■ DATA:
------------------------------------------------------------

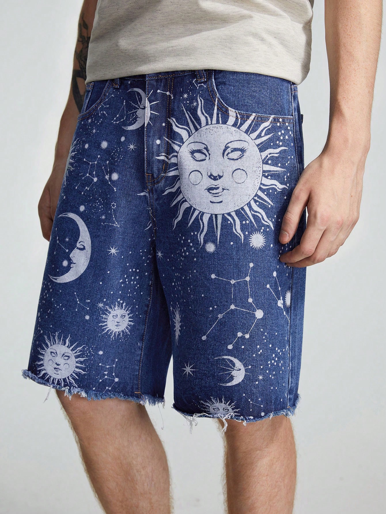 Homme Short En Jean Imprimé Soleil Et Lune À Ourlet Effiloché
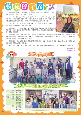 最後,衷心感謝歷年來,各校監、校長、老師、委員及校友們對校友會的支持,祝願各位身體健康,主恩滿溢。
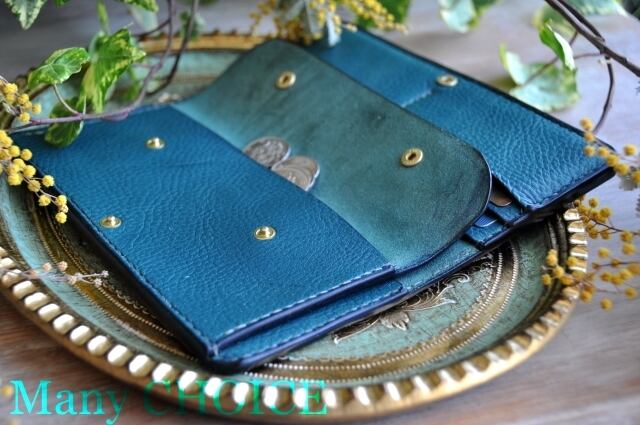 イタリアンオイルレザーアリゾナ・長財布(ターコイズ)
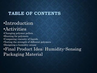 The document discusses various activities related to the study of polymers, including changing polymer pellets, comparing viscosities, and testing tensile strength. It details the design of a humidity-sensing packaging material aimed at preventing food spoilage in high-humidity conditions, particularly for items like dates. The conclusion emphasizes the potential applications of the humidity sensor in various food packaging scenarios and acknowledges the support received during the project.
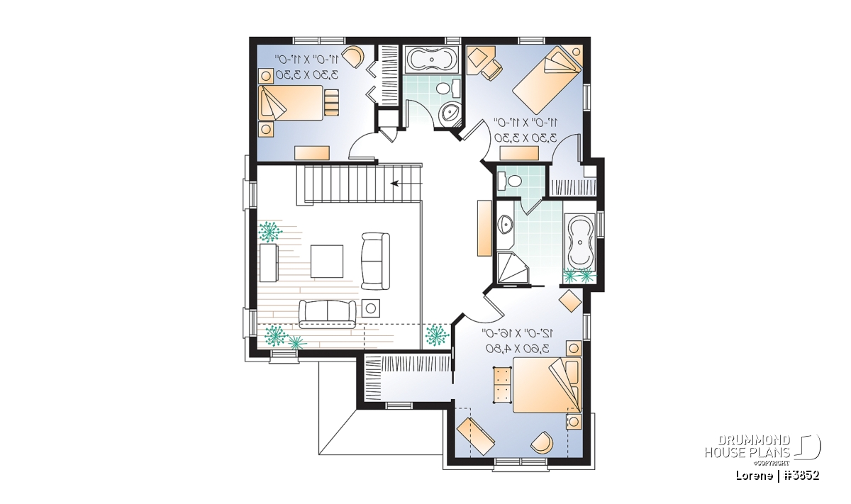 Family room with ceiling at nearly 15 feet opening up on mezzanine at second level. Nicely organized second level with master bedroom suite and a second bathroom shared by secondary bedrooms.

------------------------------------------------------------

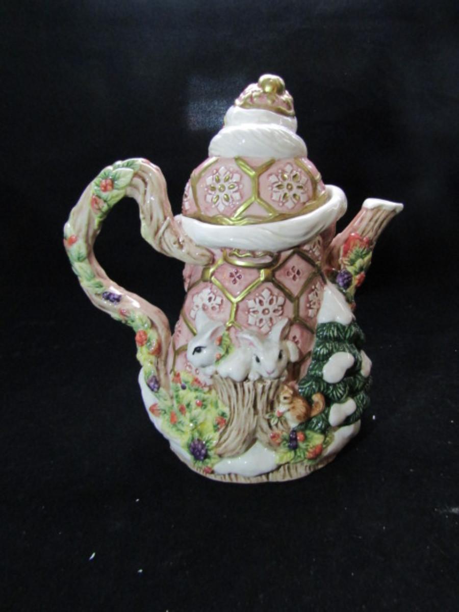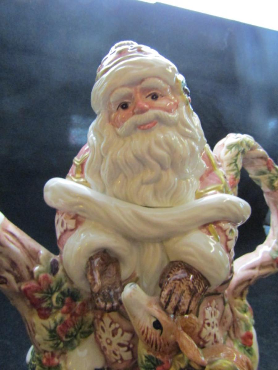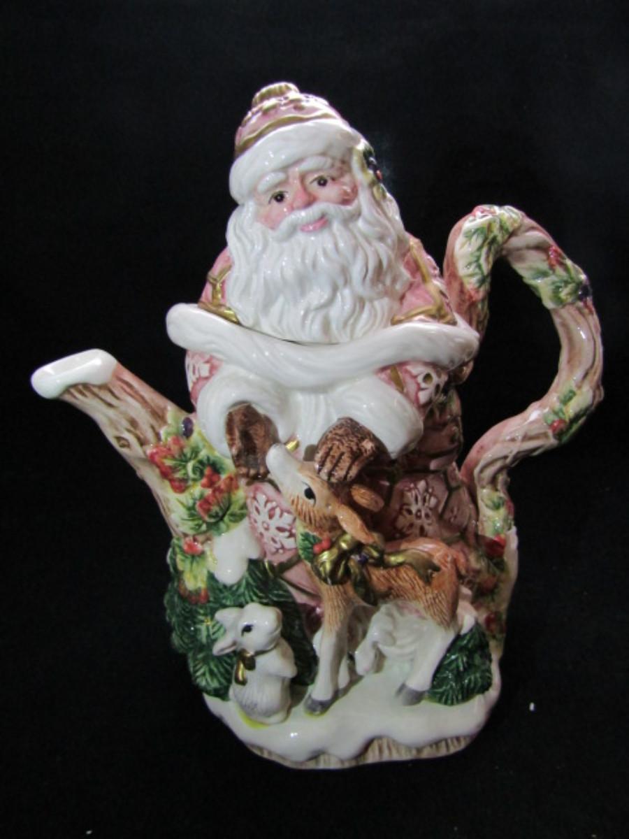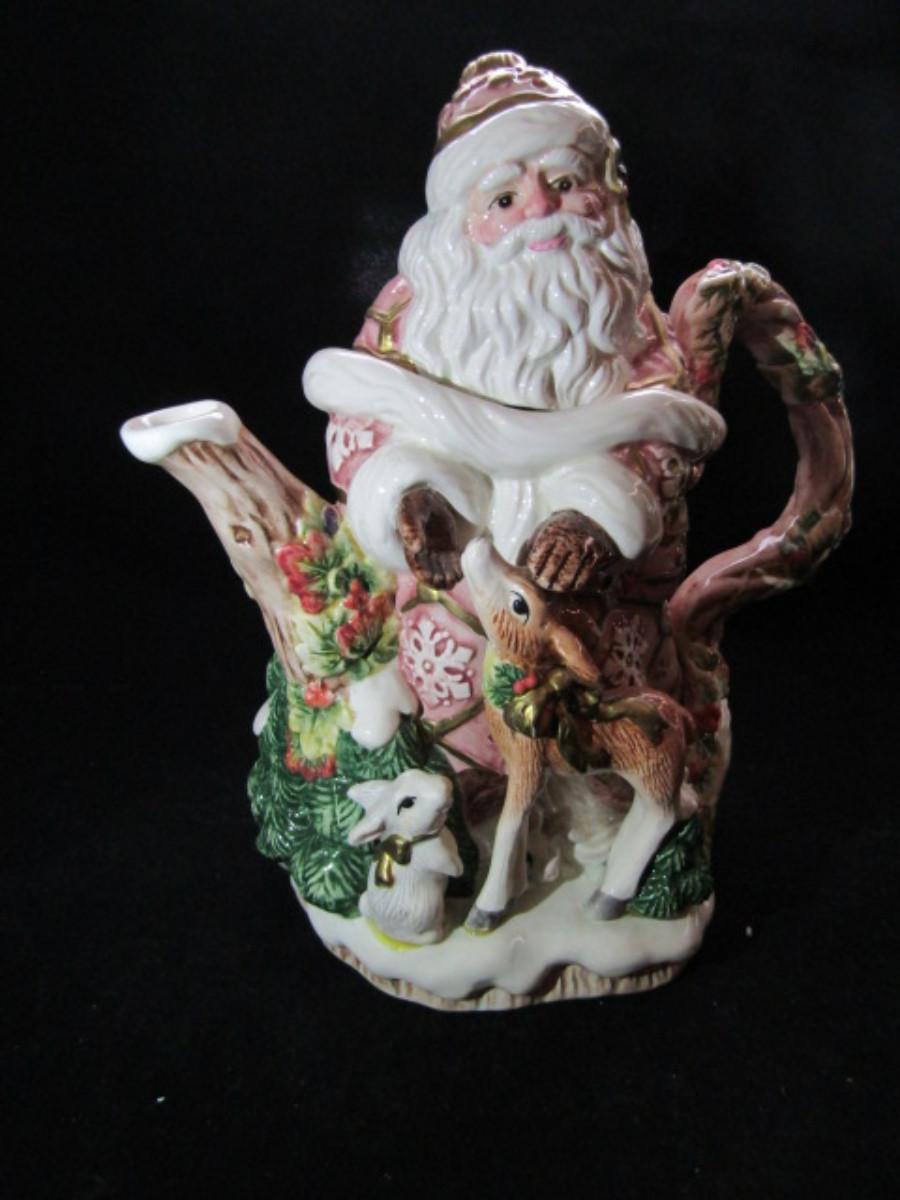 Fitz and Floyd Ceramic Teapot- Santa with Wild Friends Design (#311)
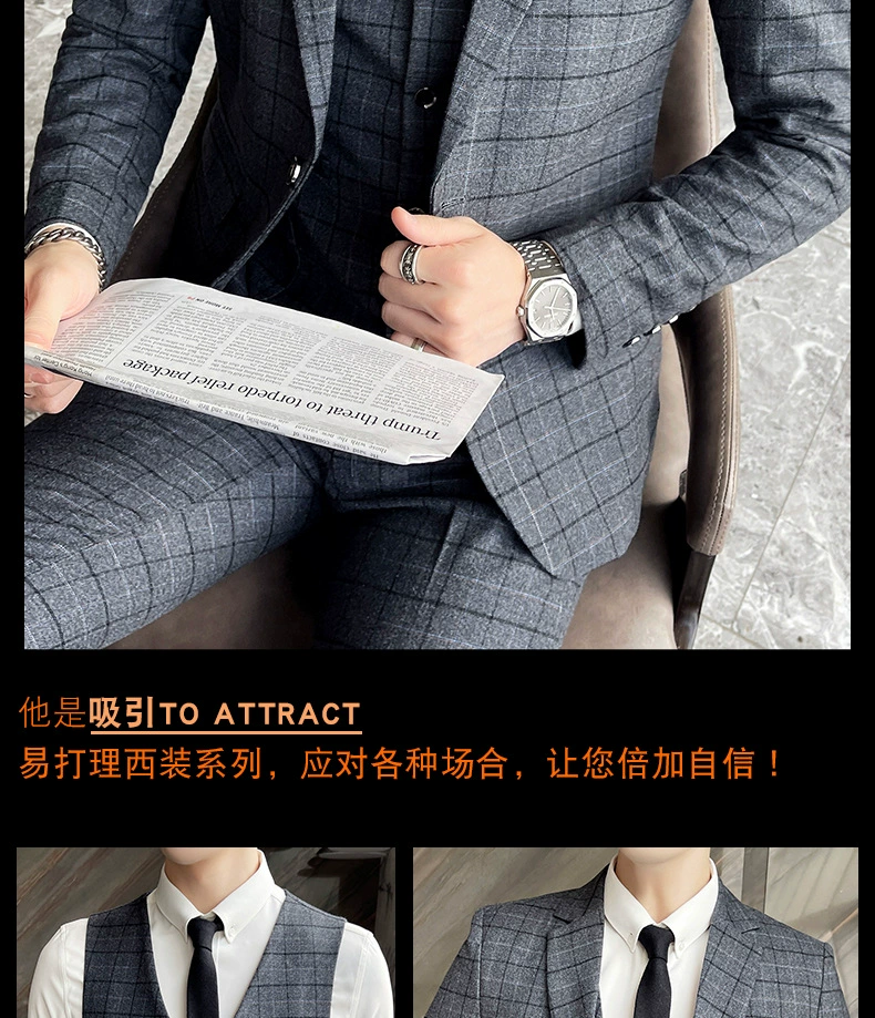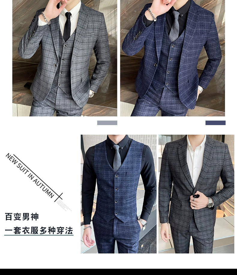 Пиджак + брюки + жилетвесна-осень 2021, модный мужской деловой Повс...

------------------------------------------------------------

■ DIRECTIONS FOR THIS TASK: Retype, exactly and with no pictures, everything above from the line with "Homme Short En" down to the line with "Family room with", both included.

■ RESPONSE TO THIS EXERCISE:
 Homme Short En Jean Imprimé Soleil Et Lune À Ourlet Effiloché
 最後,衷心感謝歷年來,各校監、校長、老師、委員及校友們對校友會的支持,祝願各位身體健康,主恩滿溢。
 イタリアンオイルレザーアリゾナ・長財布(ターコイズ)
 The document discusses various activities related to the study of polymers, including changing polymer pellets, comparing viscosities, and testing tensile strength. It details the design of a humidity-sensing packaging material aimed at preventing food spoilage in high-humidity conditions, particularly for items like dates. The conclusion emphasizes the potential applications of the humidity sensor in various food packaging scenarios and acknowledges the support received during the project.
 Family room with ceiling at nearly 15 feet opening up on mezzanine at second level. Nicely organized second level with master bedroom suite and a second bathroom shared by secondary bedrooms.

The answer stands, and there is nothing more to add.